For parametric equations, the process involves differentiating \(\frac{dy}{dx}\) with respect to \(t\) again and dividing by \(\frac{dx}{dt}\). This step informs us about the function's "steepness" change rate along the curve. At a given point on the curve, evaluating \(\frac{d^2y}{dx^2}\) helps judge the exact nature of that curve's behavior.

The Role of Calculus in Analyzing Curves

Calculus provides tools such as derivatives and integrals, crucial for analyzing various physical, biological, and mathematical systems. By applying these techniques to parametric equations:

• we can understand complex motion and geometric shapes without directly eliminating the parameter \(t\).
• Calculus allows us to determine vital features like curvature, inflection points, and overall behavior of a path traced by a point.

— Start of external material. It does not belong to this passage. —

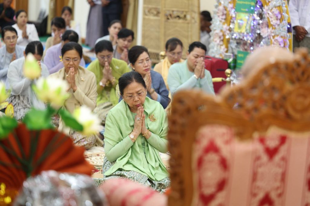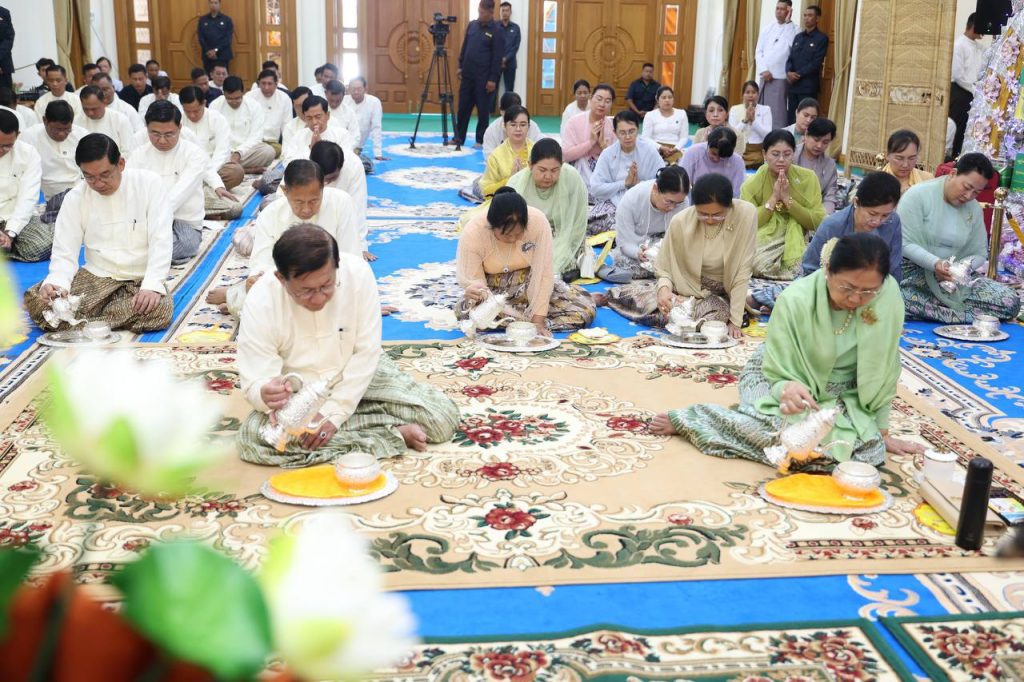 ယာယီသမ္မတက မာရဝိဇယကျောင်းဆောင်တော်အတွင်းရှိ ဗုဒ္ဓရုပ်ပွားတော်မြတ်အား မြသပိတ်ဆွမ်းတော်၊ သစ်သီးနှင့် ပန်းမန်၊ သောက်တော်ရေချမ်းများ ကပ်လှူပူဇော်ပြီးနောက် အခမ်းအနားကို “နမောတဿ” သုံးကြိမ်ရွတ်ဆို ဘုရားကန်တော့ ဖွင့်လှစ်ပြီး ယာယီသမ္မတနှင့် အခမ်းအနား တက်ရောက်လာကြသည့် ဧည့်ပရိသတ်အပေါင်းတို့သည် မာရဝိဇယကျောင်းတော် ပဓာနနာယက အဂ္ဂမဟာပဏ္ဍိတ ဘဒ္ဒန္တနေမိန္ဒထံမှ ငါးပါးသီလခံယူ ဆောက်တည်၍ သံဃာတော်အရှင်သူမြတ်များ ရွတ်ပွားသရဇ္ဈာယ်တော်မူသော မေတ္တသုတ် ပရိတ်တရားတော်များကို နာယူကြသည်။

In this exercise, we demonstrated how derivatives can be harnessed to analyze and interpret the characteristics of curves. Parametric equations offer a unique approach to studying multi-dimensional paths, and calculus equips us with a complete framework for exploration. Understanding calculus' concepts and applications makes complex mathematical expressions much more digestible and applicable in both theoretical and real-world scenarios.